Units of a log of a physical quantity

Overall, the argument $x$ of $\ln(x)$ must be unitless, and a log transformed quantity must be unitless. If $x = 0.5$ is measured in some units, say, seconds, then taking the log actually means $\ln(0.5s/1s) = \ln(0.5)$. See this for more information about other transcendental functions. Hope this helps.

Logarithm of a quantity really only makes sense if the quantity is dimensionless, and then the result is also a dimensionless number. So what you really plot is not $\log(y)$ but $\log(y/y_0)$ where $y_0$ is some reference quantity in the same units as $y$ (in this case $y_0 = $1 Volt). Similarly for $\exp$ and $\sin$.

In the expression $\ln{x}$, $x$ must be unitless.

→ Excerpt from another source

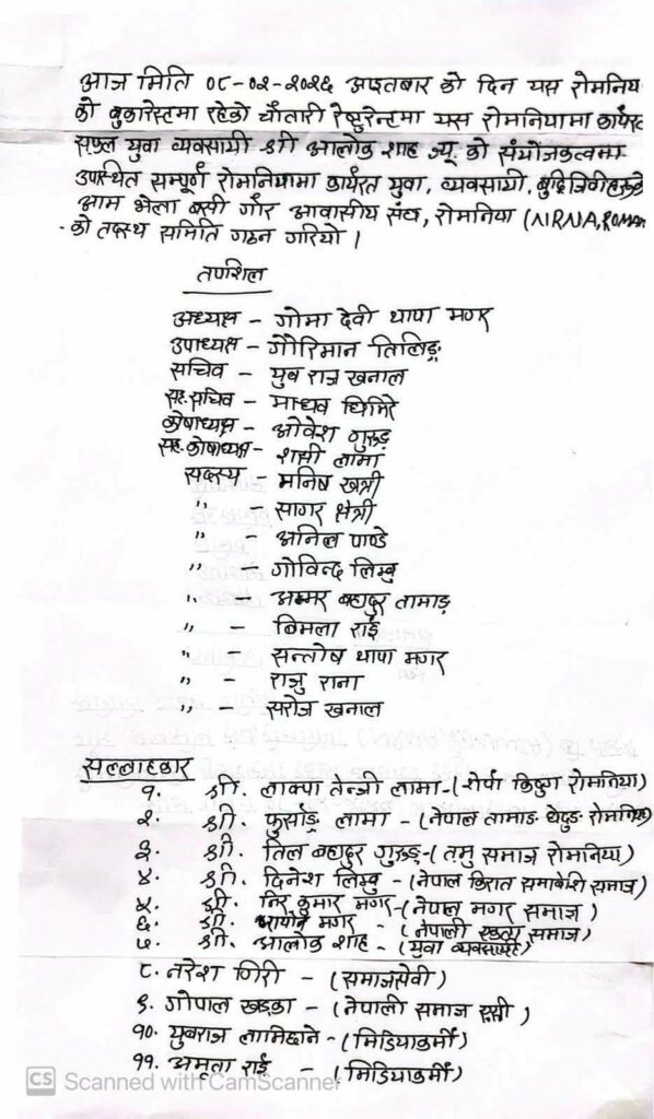 मिति २०८२ साल माघ २५ गते आइतबार बुखारेस्टमा आयोजित भेलाबाट प्रवासी युवा व्यवसायी तथा सामाजिक अभियानलाई संस्थागत रूपमा अघि बढाउने उद्देश्यसहित तदर्थ समिति गठन गरिएको हो । उक्त भेलामा रोमेनियामा रहेका युवा व्यवसायी, बुद्धिजीवी, सामाजिक अभियन्ता तथा विभिन्न संघ–संस्थाका प्रतिनिधिहरूको उल्लेख्य उपस्थिति रहेको थियो ।

This is because the log function is a series with x raised to differing powers. For instance:

$$-\sum_{k=1}^{\infty}{\frac{(-1)^k(-1+x)^k}{k}}$$ for $$|-1 + x| < 1$$

Let's say $x$ had units of meters (for example). Then the first term in the series would have units of meters, the second term units of square meters, 3rd term in cubic meters, etc. You can't add quantities with differing powers of units, thus $x$ must be unit-less.

The same argument applies for $|-1+x|\not<1$.